Я по-прежнему ненавидел весь мир и при каждом удобном случае разминал об него кулаки, но второй частью моей жизни стали униженные рыдающие телки, которые ползали передо мной, подставляя свои дырки под мой хуй во всех позах.

Я получил должность главврача в той клинике, потому что ебал сучку-владелицу так, как ей нравилось, унижал и лупил ее, получая охуенные оргазмы.

Когда она мне надоела, я отвез ее на пепелище нашей семейной дачи, привязал голую к остаткам беседки, выебал в зад и уехал. ХЗ, как она выбралась, но намек поняла. И прислала мне неплохую сумму с запиской «За все!»

Я открыл свой кабинет.

Родители меня не простили и я даже не был на их похоронах.

Куда делась Алина, я не знаю.
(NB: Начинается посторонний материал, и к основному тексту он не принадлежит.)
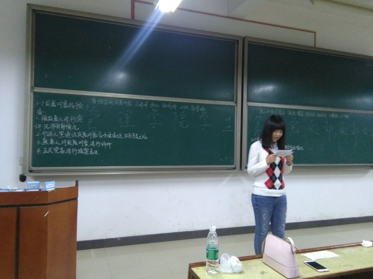 2016年5月29日晚上7点-9点,管理学院学生第六党支部支部大会在新校区d301举行,参加本次会议的有管理学院学生党支部书记周艺老师、支委张欢欢,以及管理学院学生第六党支部的正式党员、预备党员、本学期发展对象和部分入党积极分子。本次会议的主持人是管理学院学生第六党支部候补支委王鹤凯,记录人是管理学院学生第六党支部学生党员马慧娟。
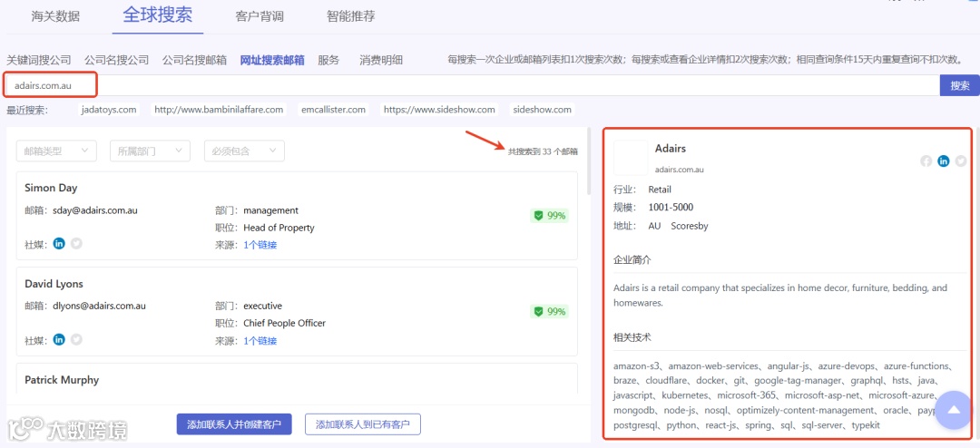 - 知道公司网址:例如,澳洲这家家居用品零售商Adairs,输入网址即可直接获取该零售商主要负责人的详细邮箱。

Виталька рассказал, что несколько раз ездил на опознание тел, но каждый раз это была не она. Сбежала, сменила имя, все же умерла?

Мне кажется, я любил всегда только ее. Мне кажется, я никогда не перестану ее любить.

Моя ярость со временем перегорела. Я не против почесать кулаки о какого-нибудь дерзкого мудака, но обычно мне хватает того, что я делаю со шлюхами. Ни одна женщина в мире еще не стала достойна моей Алины.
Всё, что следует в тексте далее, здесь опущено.